Moving to the United Arab Emirates, where cupcake shops have found a market. Cupcakes Take the Cake has written about a number of such shops. Regarding Sugar Daddy's in Dubai, the blogger shares an e-mail sent by the bakery's chef, describing one of the shop's special Ramadan cupcakes:
Blind Date: Tradition states that the Prophet Mohammad ate dates at the end of his fast, and the fruit is ever-present during the holiday. We have come up with a spice-filled date sponge that we frost with a swirl of cinnamon-flavored icing that has just a touch of coffee.
Yet another Dubai resident, Mahryska, writes about her favorite cupcake shop, Kitsch:
went there the other day and got myself coffee and a cupcake that looked darn good. and yes, it was good!
3 hearts for kitsch cupcakes for opening their store! ♥ ♥ ♥
Another Dubai shop, The House of Cakes, has its own blog where it shared an incredible photograph of 500 cupcakes in the shape of the Emirates’ flag (see photo at left).
The final stop in our whirlwind tour of cupcakeries in the Middle East is Bahrain, where cupcake shops are using new media to get the word out. Cupcakes Bahrain blogs on the Blogger platform to share photos of their cupcakes and information about their store, while Clever Cupcakes has a presence on Twitter and Facebook, to share information about their product such as this:
We only serve clever cupcakes! A Cupcake that you can't forget..
Impress your guests and loved ones by ordering your clever cupcakes.
We'll conclude with these final words from Lebanese blogger Jad Aoun, who notes the New York Times‘ coverage of Arab and Israeli cupcake shops alike, and quips:
Maybe its time we all make peace over a round of strawberry cupcakes. We wouldn’t want to be serving hommous or falafel now would we?
Syrian cupcakes (and photo) by cococakes
What a funny post, Jillian. We don’t seem to have cupcakes or muffins in Israel– although they do sell the tins to bake them, so maybe a rising trend? One can only hope.

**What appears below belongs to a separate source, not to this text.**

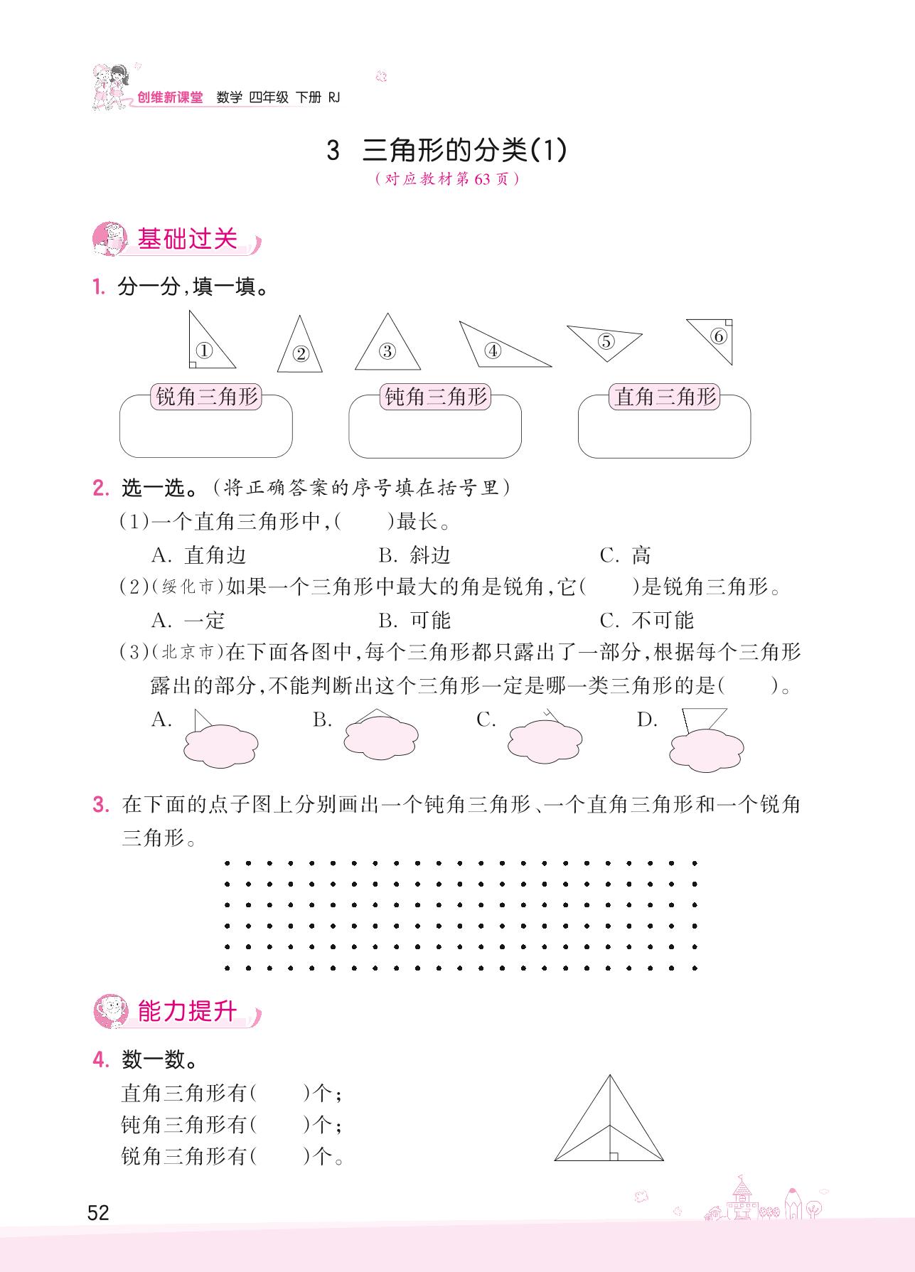 2022下册四年级数学人教版 五 三角形——3 三角形的分类(1)

Betayavon, cupcake eaters.
Oh but Maya, you do! In Tel Aviv, there is a shop called, aptly, Cupcakes (http://cupcakes.co.il/).
Jillian, what a funny thing for you to know. I’ll keep that in mind.
Here’s a perspective from Israel as well: “Let them eat cupcakes!” by Isramom.
Well, I had wanted to include Israeli posts in this piece, but I didn’t find any (in time, anyway) that fit the theme!
we were the first cupcakes company in Israel.
Check out http://www.ilovecupcakes.co.il !!
Thanks for sharing, Danielle! Glad to know cupcakes are everywhere.